[[ RECORDS SHOWN, beginning ]]

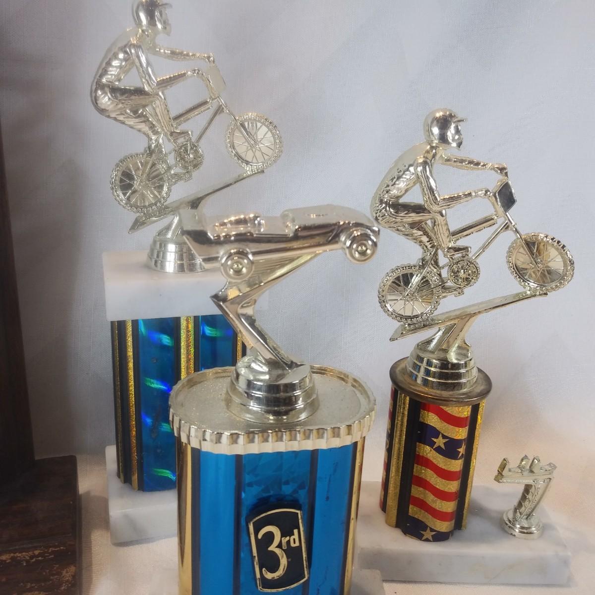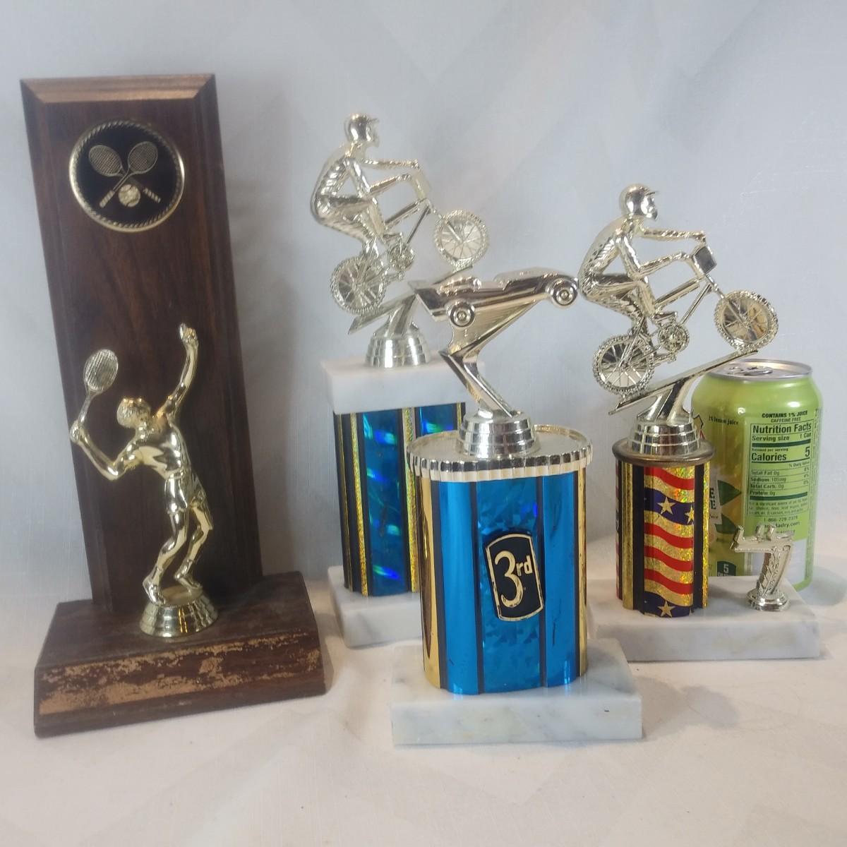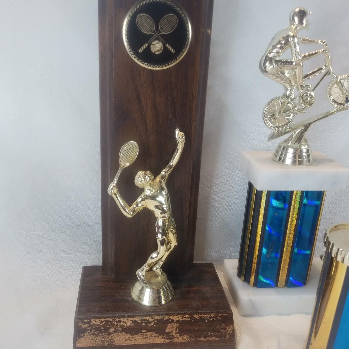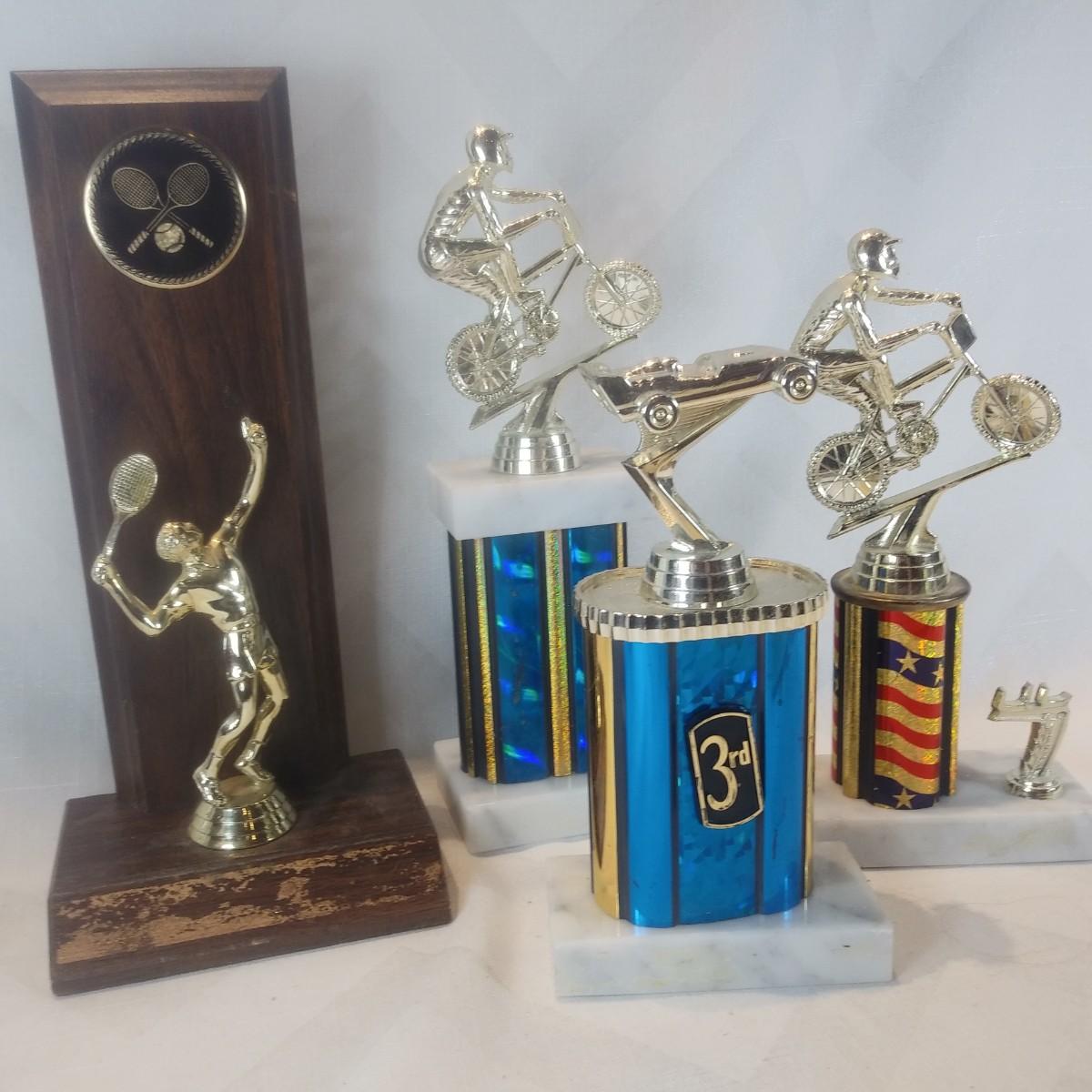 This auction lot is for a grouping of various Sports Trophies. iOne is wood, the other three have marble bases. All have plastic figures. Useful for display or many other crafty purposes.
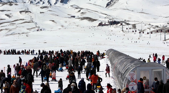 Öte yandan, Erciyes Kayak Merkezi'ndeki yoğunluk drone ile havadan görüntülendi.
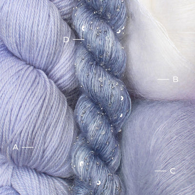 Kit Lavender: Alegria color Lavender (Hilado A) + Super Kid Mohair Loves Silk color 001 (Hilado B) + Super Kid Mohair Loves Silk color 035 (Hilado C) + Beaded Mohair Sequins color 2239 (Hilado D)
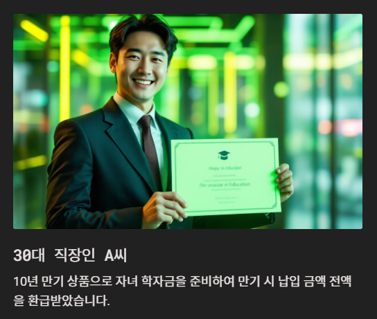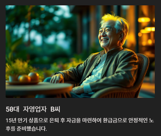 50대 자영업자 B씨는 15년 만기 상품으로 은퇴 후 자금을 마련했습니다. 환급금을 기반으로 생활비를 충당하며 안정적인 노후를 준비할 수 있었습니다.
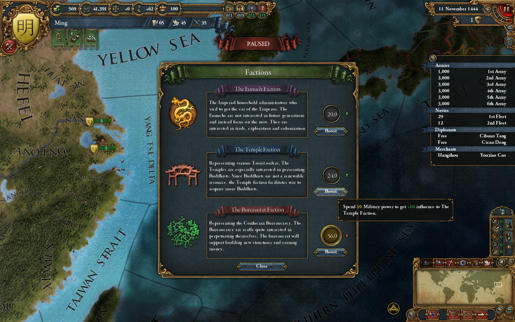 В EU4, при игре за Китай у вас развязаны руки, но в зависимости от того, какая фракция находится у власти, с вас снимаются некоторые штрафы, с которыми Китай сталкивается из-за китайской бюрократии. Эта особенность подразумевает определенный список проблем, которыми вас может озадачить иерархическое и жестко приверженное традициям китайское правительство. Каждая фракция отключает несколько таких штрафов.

[[ RECORDS SHOWN, end ]]
[[ RECORDS SHOWN, beginning ]]

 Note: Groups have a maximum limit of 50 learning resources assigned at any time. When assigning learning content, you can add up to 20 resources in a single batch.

[[ RECORDS SHOWN, end ]]

EXERCISE: Look through the material above. Transcribe exactly the lines between the ones with "Kit Lavender: Alegria" and "50대 자영업자 B씨는", inclusive, and keep pictures out.

WRITTEN ANSWER:
 Kit Lavender: Alegria color Lavender (Hilado A) + Super Kid Mohair Loves Silk color 001 (Hilado B) + Super Kid Mohair Loves Silk color 035 (Hilado C) + Beaded Mohair Sequins color 2239 (Hilado D)
 50대 자영업자 B씨는 15년 만기 상품으로 은퇴 후 자금을 마련했습니다. 환급금을 기반으로 생활비를 충당하며 안정적인 노후를 준비할 수 있었습니다.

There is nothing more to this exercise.